» **The data**:

^^^^^^^^

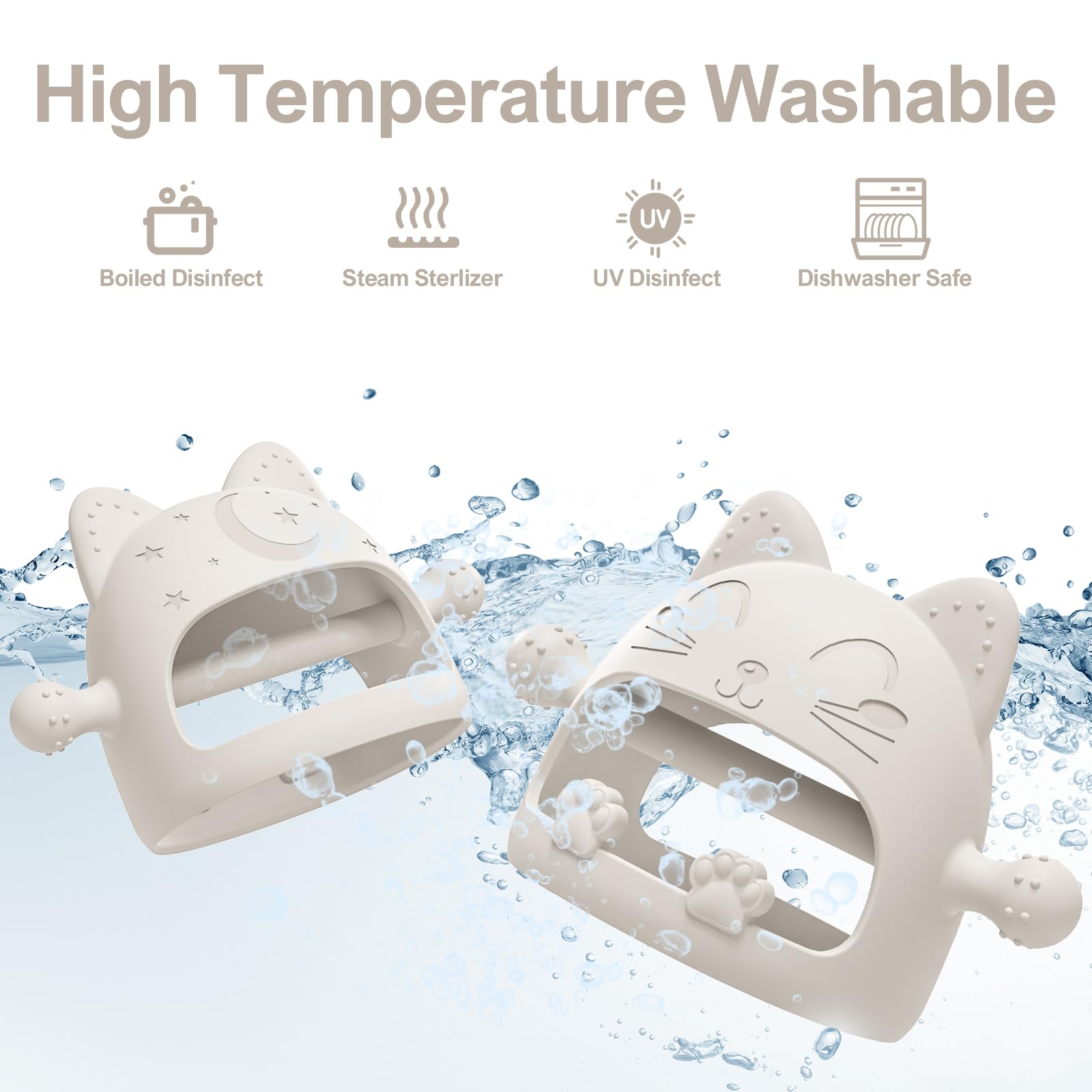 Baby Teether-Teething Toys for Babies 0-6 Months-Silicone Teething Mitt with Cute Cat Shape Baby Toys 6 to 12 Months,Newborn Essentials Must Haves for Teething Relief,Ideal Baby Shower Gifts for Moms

^^^^^^^^

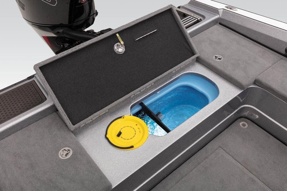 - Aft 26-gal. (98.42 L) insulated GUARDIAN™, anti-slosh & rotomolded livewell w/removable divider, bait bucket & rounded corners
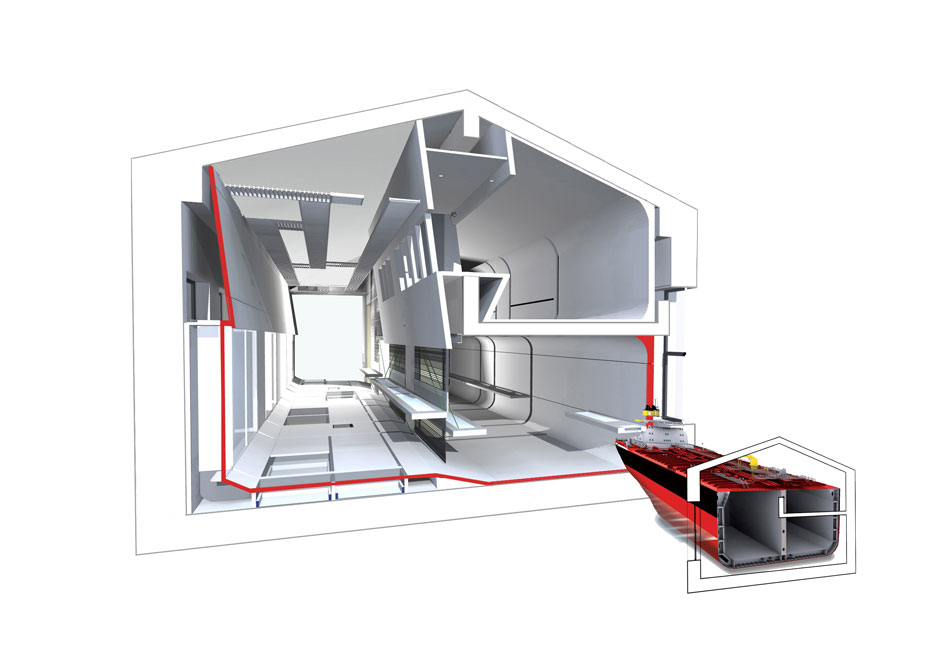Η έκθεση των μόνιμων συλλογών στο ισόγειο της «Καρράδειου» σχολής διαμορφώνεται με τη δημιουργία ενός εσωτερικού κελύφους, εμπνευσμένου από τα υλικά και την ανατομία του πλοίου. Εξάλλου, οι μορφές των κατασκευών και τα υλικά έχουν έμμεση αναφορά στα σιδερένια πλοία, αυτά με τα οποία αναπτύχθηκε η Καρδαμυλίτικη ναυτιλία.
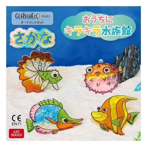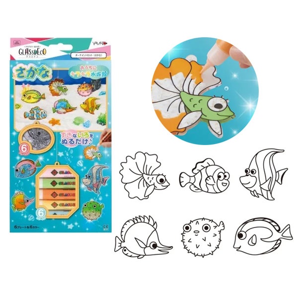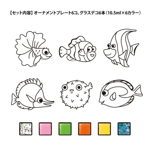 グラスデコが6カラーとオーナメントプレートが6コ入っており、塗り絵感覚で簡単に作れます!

^^^^^^^^

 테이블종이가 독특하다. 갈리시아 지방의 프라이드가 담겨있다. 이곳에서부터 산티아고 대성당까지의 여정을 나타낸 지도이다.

^^^^^^^^

» **Action item**:
Set the pictures aside and transcribe exactly the stretch of lines above, beginning with the one holding "- Aft 26-gal." and ending with the one holding "グラスデコが6カラーとオーナ".

» **Exercise result**:
 - Aft 26-gal. (98.42 L) insulated GUARDIAN™, anti-slosh & rotomolded livewell w/removable divider, bait bucket & rounded corners
Η έκθεση των μόνιμων συλλογών στο ισόγειο της «Καρράδειου» σχολής διαμορφώνεται με τη δημιουργία ενός εσωτερικού κελύφους, εμπνευσμένου από τα υλικά και την ανατομία του πλοίου. Εξάλλου, οι μορφές των κατασκευών και τα υλικά έχουν έμμεση αναφορά στα σιδερένια πλοία, αυτά με τα οποία αναπτύχθηκε η Καρδαμυλίτικη ναυτιλία.
 グラスデコが6カラーとオーナメントプレートが6コ入っており、塗り絵感覚で簡単に作れます!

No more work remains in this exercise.